Description of the task ▸ Strip the pictures and reproduce the rest of the listing exactly.

Raw data ▸
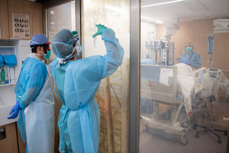 Medical staff discuss about the treatment for COVID-19 patients at a hospital in Barcelona, Spain, April 9, 2020. (Photo by Francisco Avia/Xinhua)■
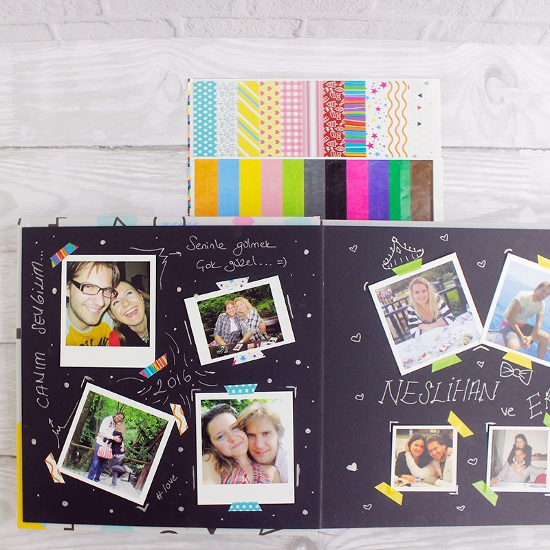 Şık görünümlü yapıştırma fotoğraf albümü ile yaratıcı bir hediye oluşturun.
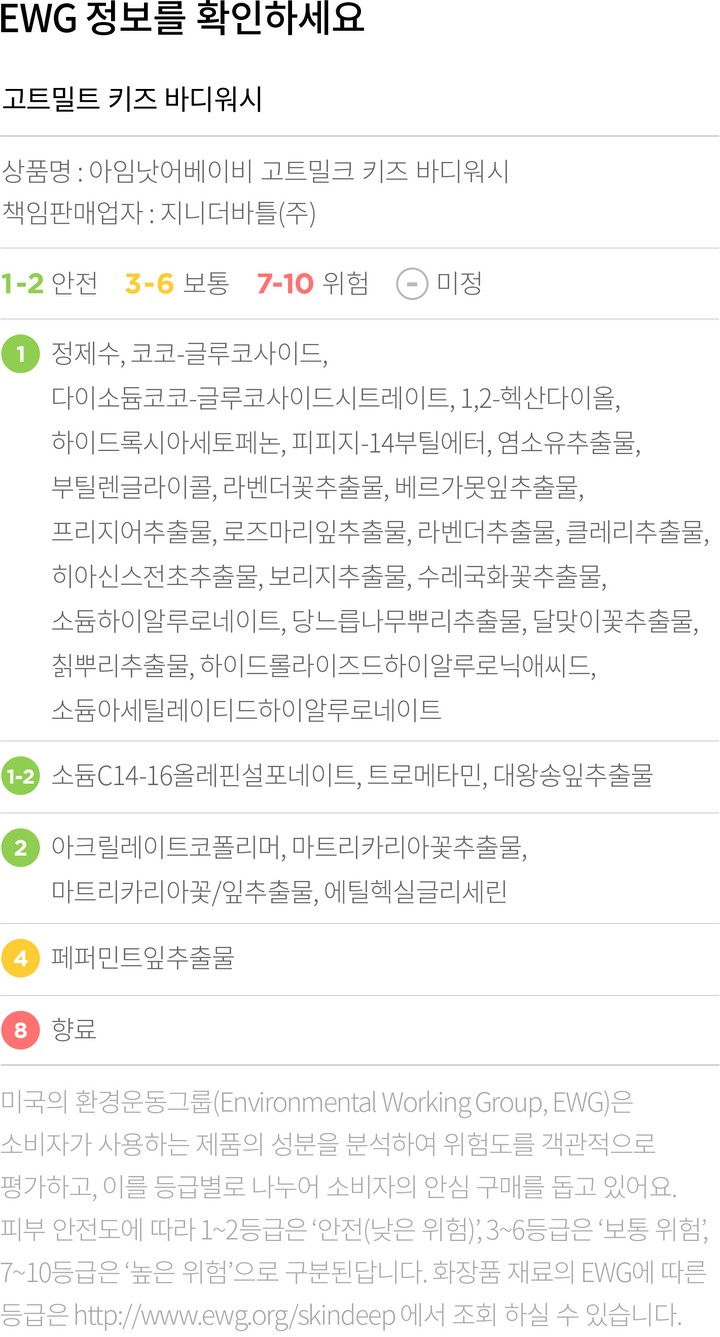 EWG에 대한 컬리의 생각 컬리는 화장품,샴푸,치약,세제 등 우리의 인체에 닿는 리빙 제품의 전성분을 공개하고 성분의 위험 정도를 EWG 기준에 따라 1~10 숫자로 안내하고 있습니다. EWG가 세계적으로 널리 사용되는 신뢰할 수 있는 척도인 것은 맞지만,상품의 안전성을 증명하는 절대적인 기준은 아니에요. EWG로부터 좋지 못한 평가를 받은 성분에 대해 전문가와 유관기관은 '권고 기준치를 지켜 사용할 경우 무해하다'고 평가하기도 합니다. 이에 컬리는 EWG 등급과 인터넷에 떠도는 단편적인 정보에만 의존하지 않고 식품의약품안전처,에코서트(ECOCERT),미국식품의약국(FDA),미국화장품원료검토위원회(CIR)등 공신력 있는 인증기관의 의견을 참고하여 유해성 여부를 꼼꼼하게 따져 보고 있습니다.

Solved exercise ▸
 Medical staff discuss about the treatment for COVID-19 patients at a hospital in Barcelona, Spain, April 9, 2020. (Photo by Francisco Avia/Xinhua)■
 Şık görünümlü yapıştırma fotoğraf albümü ile yaratıcı bir hediye oluşturun.
 EWG에 대한 컬리의 생각 컬리는 화장품,샴푸,치약,세제 등 우리의 인체에 닿는 리빙 제품의 전성분을 공개하고 성분의 위험 정도를 EWG 기준에 따라 1~10 숫자로 안내하고 있습니다. EWG가 세계적으로 널리 사용되는 신뢰할 수 있는 척도인 것은 맞지만,상품의 안전성을 증명하는 절대적인 기준은 아니에요. EWG로부터 좋지 못한 평가를 받은 성분에 대해 전문가와 유관기관은 '권고 기준치를 지켜 사용할 경우 무해하다'고 평가하기도 합니다. 이에 컬리는 EWG 등급과 인터넷에 떠도는 단편적인 정보에만 의존하지 않고 식품의약품안전처,에코서트(ECOCERT),미국식품의약국(FDA),미국화장품원료검토위원회(CIR)등 공신력 있는 인증기관의 의견을 참고하여 유해성 여부를 꼼꼼하게 따져 보고 있습니다.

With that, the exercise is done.